Task item →
Drop the pictures and repeat the remaining data exactly.

Dataset extract →
-.-.-
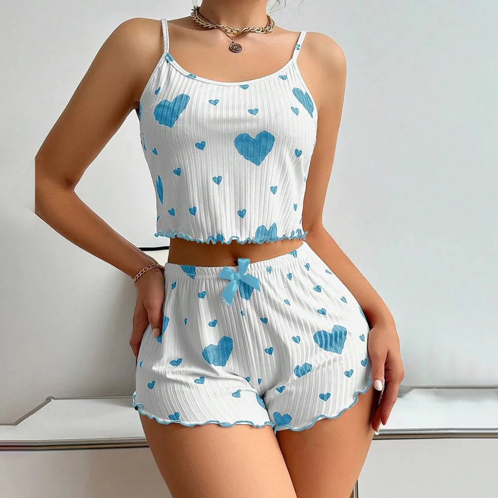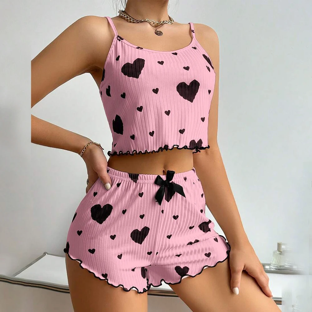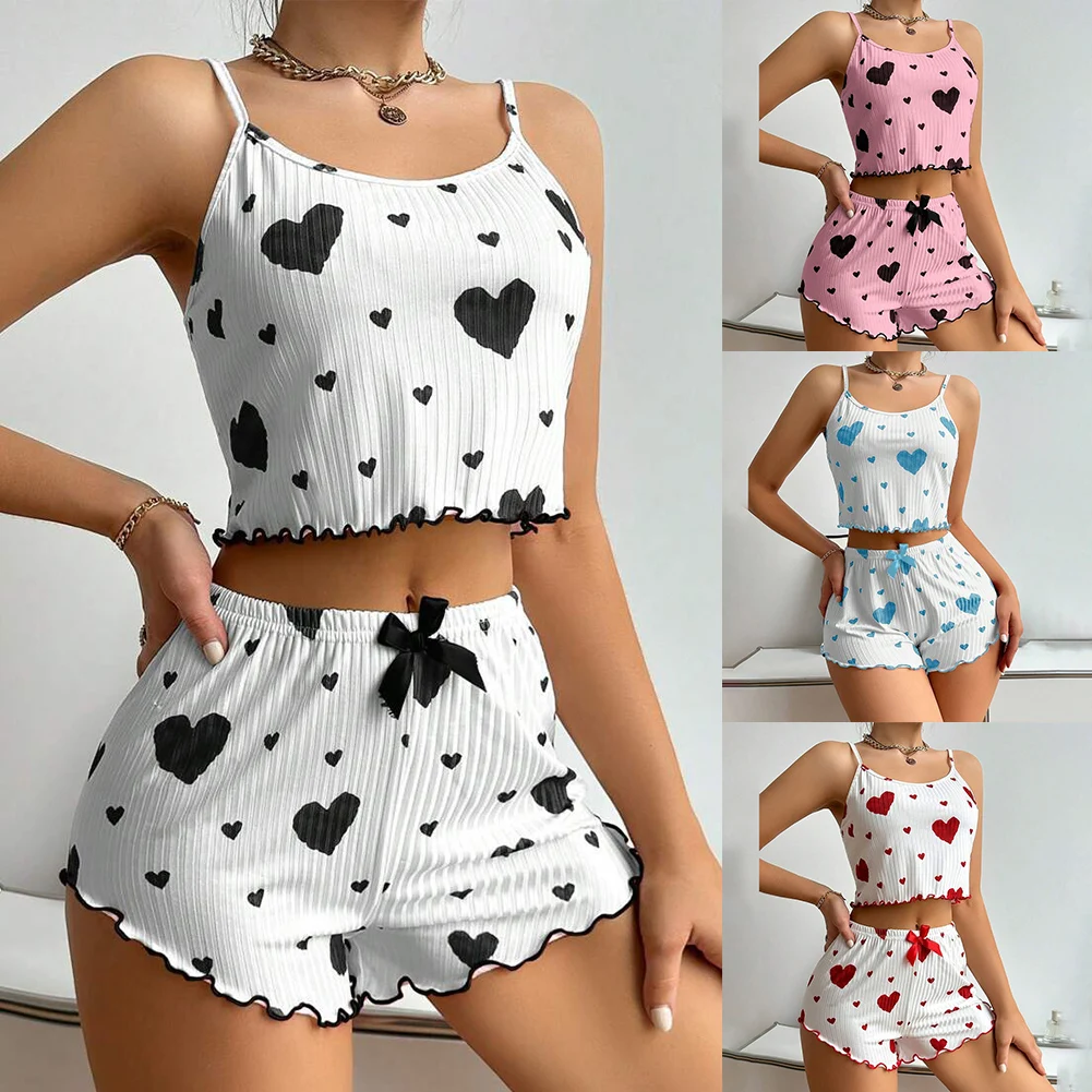 Women's Sexy Heart Print Suspender Pajamas Set Summer Sleeveless Top Shorts Comfortable Sleepwear 2 Piece Set Casual Home Suit
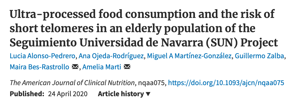 This study from the SUN project examined the impact of ultra-processed food consumption on telomere length in an elderly population. Shortening of the telomeres (caps at the end of chromosomes) is associated with aging and an increased risk of chronic disease. Oxidative stress and inflammation are the mechanisms associated with telomere shortening and can be modified through diet and lifestyle.
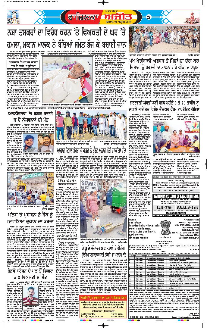 ਜਲੰਧਰ, 25 ਅਕਤੂਬਰ- ਜਲੰਧਰ ਵਿਚ ਪੁਲਿਸ ਲਗਾਤਾਰ ਨਸ਼ਾ ਤਸਕਰਾਂ ਵਿਰੁੱਧ ਸਖ਼ਤ ਕਾਰਵਾਈ ਕਰ ਰਹੀ ਹੈ। ਅੱਜ ਨਗਰ ਨਿਗਮ ਅਤੇ ਪੁਲਿਸ ਦੀ ਅਗਵਾਈ ਵਾਲੀ ਇਕ ਟੀਮ ਨੇ ਇਕ ਤਸਕਰ....
-.-.-
Solution for this exercise →
 Women's Sexy Heart Print Suspender Pajamas Set Summer Sleeveless Top Shorts Comfortable Sleepwear 2 Piece Set Casual Home Suit
 This study from the SUN project examined the impact of ultra-processed food consumption on telomere length in an elderly population. Shortening of the telomeres (caps at the end of chromosomes) is associated with aging and an increased risk of chronic disease. Oxidative stress and inflammation are the mechanisms associated with telomere shortening and can be modified through diet and lifestyle.
 ਜਲੰਧਰ, 25 ਅਕਤੂਬਰ- ਜਲੰਧਰ ਵਿਚ ਪੁਲਿਸ ਲਗਾਤਾਰ ਨਸ਼ਾ ਤਸਕਰਾਂ ਵਿਰੁੱਧ ਸਖ਼ਤ ਕਾਰਵਾਈ ਕਰ ਰਹੀ ਹੈ। ਅੱਜ ਨਗਰ ਨਿਗਮ ਅਤੇ ਪੁਲਿਸ ਦੀ ਅਗਵਾਈ ਵਾਲੀ ਇਕ ਟੀਮ ਨੇ ਇਕ ਤਸਕਰ....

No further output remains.